Current low superannuation taxes give substantial benefits to higher income earners while bank account interest is taxed in line with a person’s income tax rate.

That means a person aged under 20 and with 45 years of work ahead of them faces a marginal effective tax rate of 36% on their super while someone aged between 55 and 59 enjoys a tax concession on super worth 111% of their savings.

Franked dividends and negative gearing costing more than $23 billion

The ANU report follows the release of tax figures which show the extent of benefits paid out for dividend imputation and negative gearing – two areas of tax that the Labor Opposition pushed to reform which were said to have cost them the last election.

Figures from the Australian Taxation Office for the 2017-18 financial year showed that tax losses due to negatively geared rental properties had climbed to $13.1 billion before the 2019 election.

Total franking credits were worth more than $10 billion.
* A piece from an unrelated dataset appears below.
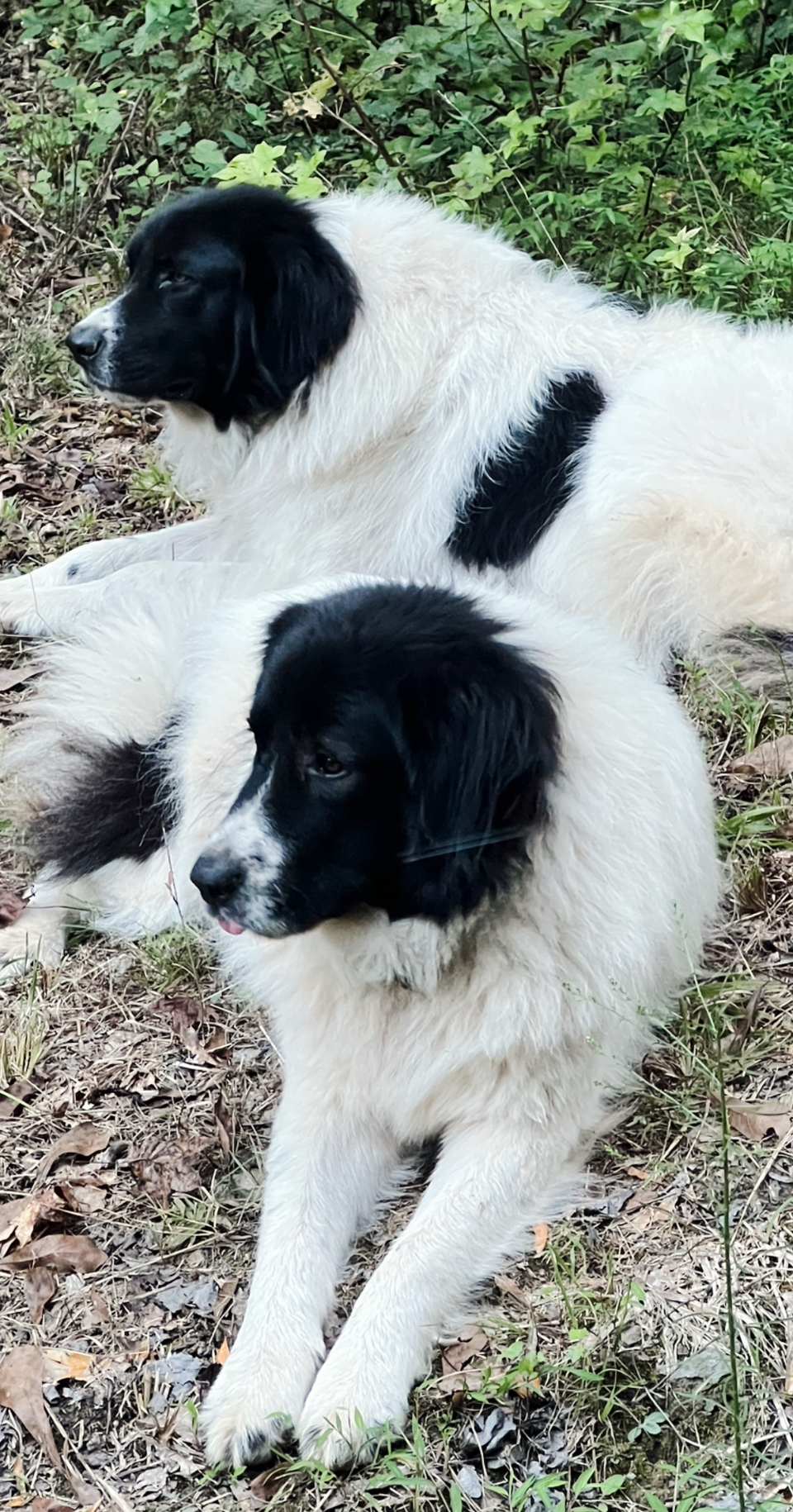 Pet Description:Large fluffy black and white Karacachan livestock guardian dog. Friendly to people |

The ALP had planned to restrict negative gearing, the process by which landlords are able to offset losses on a property against their total income, and to reverse a Howard government move to give taxpayers and superannuation funds cash refunds for excess dividend imputation, or franking, credits.

The ATO data showed there were more than 2.2 million people with rental properties in 2017-18 of which 1.3 million made a loss.

While the total number of people making a loss increased by just 1.6% over 2016-17, the total losses rose to $13.1 billion or by almost 7%.

Most people are negatively gearing a single property but the biggest increase has been among those with three homes or apartments.

Tax experts have projected a big blowout in negative gearing costs this year as landlords absorb rent discounts or non-payments on their properties due to the coronavirus pandemic.